Downlink messages NahYeah

While running my The Things IndustriesTTI) gateway I noticed an exception in the logs every so often

Exception of type 'Microsoft.Azure.Devices.Client.Exceptions.DeviceMessageLockLostException' was thrown.

My client subscribes to Message Queue Telemetry Transport Topics(MQTT) (using MQTTNet) for each TTI Application and establishes a connection (using an Azure DeviceClient) for each TTI Device to an Azure IoT Hub(s).
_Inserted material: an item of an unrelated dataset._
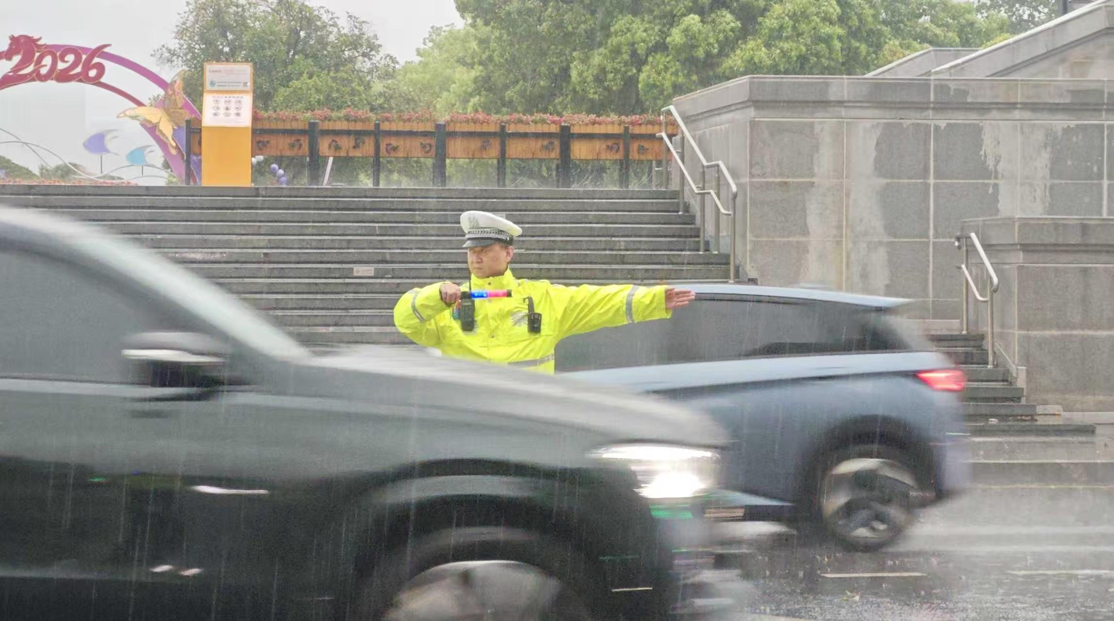 圖為武漢市公安局江岸區(qū)分局交通管理大隊(duì)民警在暴雨中指揮交通。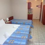 Sadržaj soba: Svaki studio poseduje opremljenu čajnu kuhinju (frižider, mini električni šporet, posuđe) namenjenu za pripremu lakih obroka, kupatilo, TV sa srpskim kanalima, WiFi (slabog protoka), klima uređaj čije je korišćenje uračunato u cenu najma, kao i prostrane terase sa garniturama za sedenje, zaštićene tendama. U studijima ima peškira. Promena posteljine, peškira i čišćenje vrši se na pet dana.

  • v3/{application id}@{tenant id}/devices/{device id}/up
  • v3/{application id}@{tenant id}/devices/{device id}/down/queued
  • v3/{application id}@{tenant id}/devices/{device id}/down/sent
  • v3/{application id}@{tenant id}/devices/{device id}/down/ack
  • v3/{application id}@{tenant id}/devices/{device id}/down/nack
  • v3/{application id}@{tenant id}/devices/{device id}/down/failed

The application subscribes to the queued, ack, nack, and failed topics so the progress of a downlink message can be monitored. For downlink messages the correlation_id “az:LockToken:” contains the message.LockToken so that they can be Abandoned, Completed or Rejected in the MQTT receive messageHandler.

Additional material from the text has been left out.